Additionally, values associated with the code size condition 306 represent a byte value for the corresponding candidate code sample, values associated with the access time 308 represent a time or number of processor cycles consumed by the processor 102 to access the corresponding candidate code sample, and values associated the startup condition 310 represent a binary indication of whether the corresponding candidate code sample participates in one or more startup activities of a platform.

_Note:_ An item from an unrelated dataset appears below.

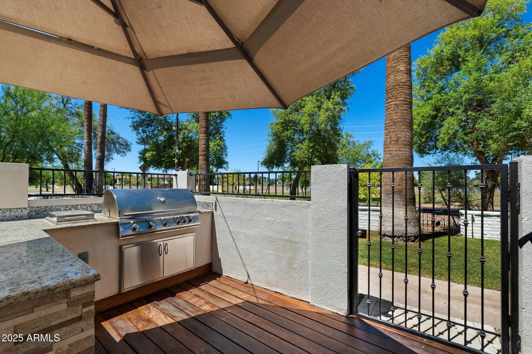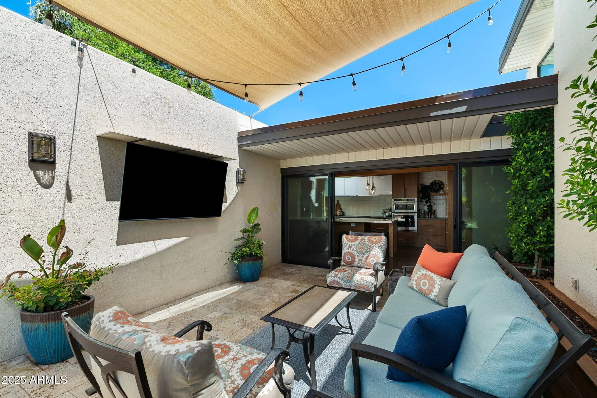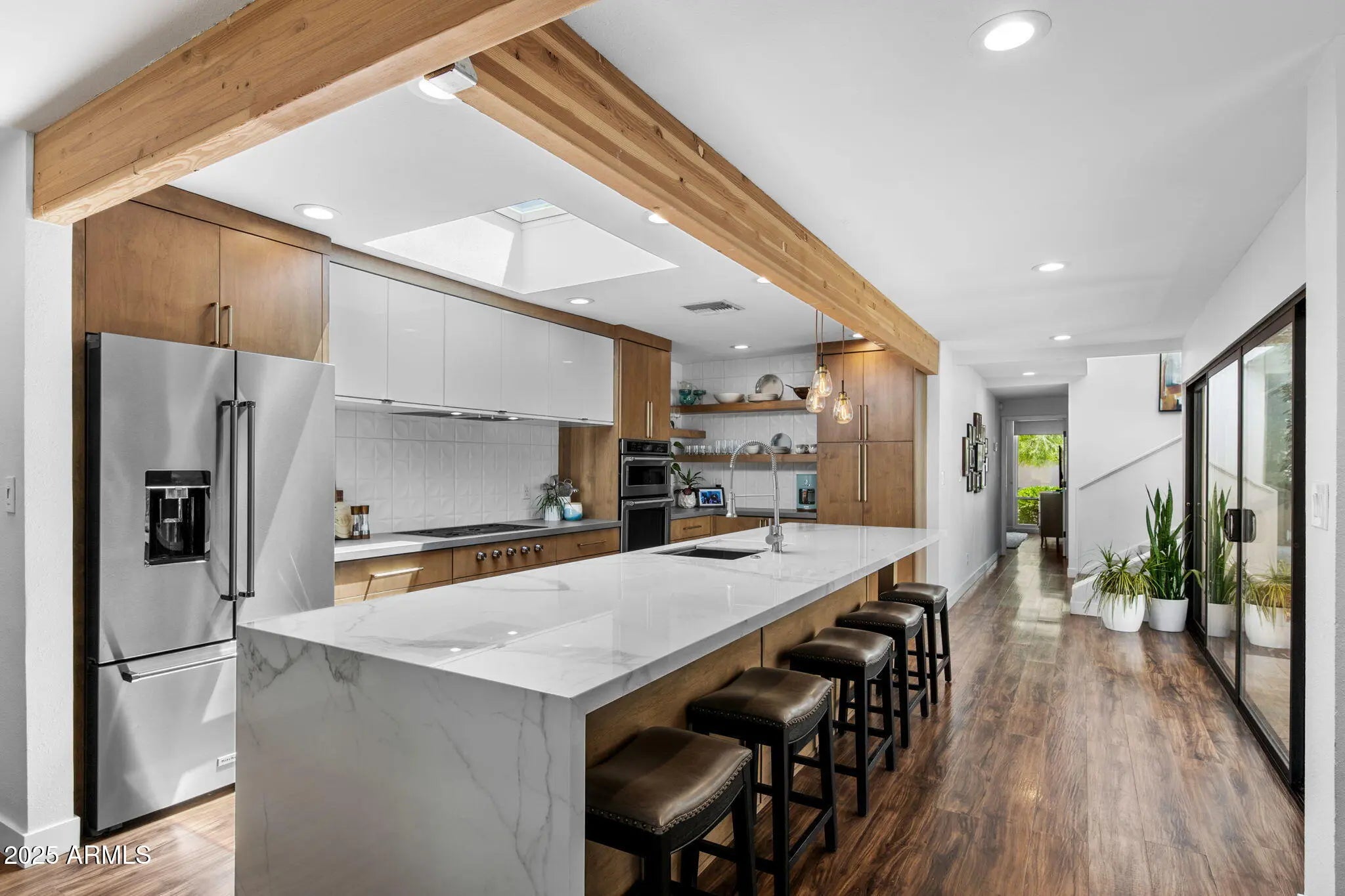 Welcome to an exceptional retreat nestled in the heart of Arcadia Green, one of the area's most coveted mid-century modern communities. This fully renovated residence blends architectural integrity with contemporary sophistication, offering an entertainer's dream and a chef's haven in one elegant package. Step inside to discover seamless indoor-outdoor living, where expansive sliders open to a lush courtyard featuring an outdoor fountain wall, a fully equipped natural gas BBQ, refrigerator and entertainment zone, and a spa for year-round relaxation, all framed by Italian travertine flooring and Brazilian hardwood decking. The chef's kitchen is a true centerpiece: flush gas Wolf cooktop, custom Alderwood cabinetry is continuous throughout the kitchen, dining, and bath, and show-stopping lighting details that elevate every culinary moment. Porcelain countertops, designer fixtures, and high-end KitchenAid appliances complete the space, while a sunroof-style skylight bathes the room in natural light. With the ability to comfortably seat 35 guests, this home was designed to host. Whether an intimate dinner or a grand celebration. Every inch has been thoughtfully curated, from custom light fixtures to the Delta Trinsic bath fixtures, back-lit mirrors and elegant planter boxes. The primary suite features double closets, while the secondary bedrooms offer walk-ins and balcony access. A large flex space makes a great home office or 4th bedroom. All windows have been replaced and include custom interior roller blinds. The new electrical panel and plumbing add peace of mind. The laundry room includes extra storage, and the 8'x8' garage storage room ensures space for everything. Additional highlights include: Energy-efficient cinder block construction Professionally decorated with custom Bassett furniture (available for purchase) Professionally installed Rain Dial drip irrigation system for pots, planter box and landscaping Located within a rare clover-shaped community of four cul-de-sacs with abundant lush green space, a beautiful pool, spa, and mid-century club house. Access to top-rated schools
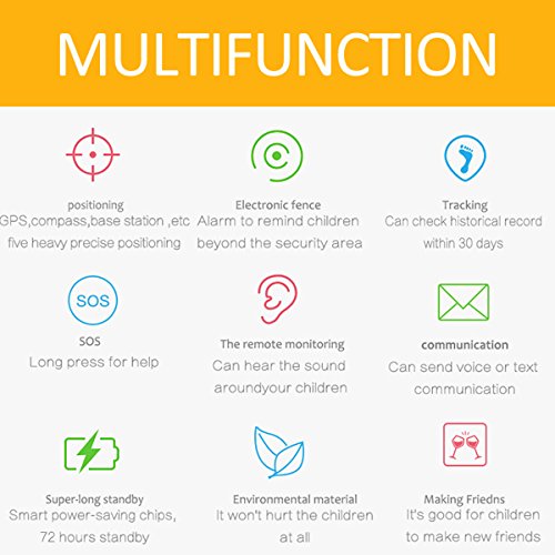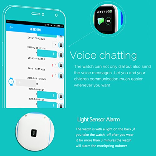 -. Feature : Candy Color Kids Smart Watch , Bluetooth supports IOS and Android systems , Parents can via app to control and set , a nice gift for 3-12 year old children , very charming for all occasions / Real-time Positioning , supports GPS , BDS , LSB Base station positioning etc. make the position more accurate , Parent could track the historical record , kids also could press SOS to ask for help / Voice Chatting , this watch supports Micro SIM Card Slort , kids could answer/return phone calls or send voice messages whenever / Fashion Cute Design Watch for Boys and Girls , use environmentally friendly material , 1.22inch Touch Screen , Colorful dial brings more fun to kids / Daily Water resistant to 99 feet (30 M): withstands rain and splashes of water, but not showering or submersion , Please DO NOT Press Any buttons in the water , Avoid using it in extreme hot or cold temperature

[0026] FIG. 4 is a schematic illustration of an example implementation of the example cache manager 108 of FIG. 1. In the illustrated example of FIG. 4, the cache manager 108 includes a processor call monitor 402, a code statistics engine 404, a cache interface 406, a condition threshold engine 408, an NV RAM priority profile 410 and an alert module 412. In operation, the example processor call monitor 402 determines whether the example processor 102 attempts to invoke a code sample. In response to detecting that the example processor 102 is making a call for a code sample, the example code statistics engine 404 logs which code sample was called and saves such updates statistic values to storage, such as the example storage 106 of FIG. 1 and/or to DRAM. In the illustrated example, statistics cultivated and/or otherwise tracked by the example code statistics engine 404 include a count of the number of times a particular code sample (e.g., a function, a subroutine, etc.) is called by the example processor 102 (e.g., call count, call per unit of time, etc.), a number of cycles consumed by platform resources to compile a particular code sample, a size of a particular code sample, an access time to retrieve a particular code sample from NV RAM cache 114, and/or whether the particular code sample is associated with startup activities. [0027] The example cache interface 406 determines whether the code sample requested by the processor 102 is located in the first level cache 112 and, if so, forwards the requested code sample to the processor 102. On the other hand, if the code sample requested by the processor 102 is not located in the first level cache 112, the example cache interface 406 determines whether the requested code sample is located in the NV RAM cache 114. If the code sample requested by the processor 102 is located in the NV RAM cache 114 (second level cache), then the example cache interface 406 forwards the requested code sample to the processor 102. On the other hand, if the requested code sample is not in the NV RAM cache 114, then the example cache manager 108 proceeds to evaluate whether the requested code sample should be placed in the NV RAM cache 114 for future access.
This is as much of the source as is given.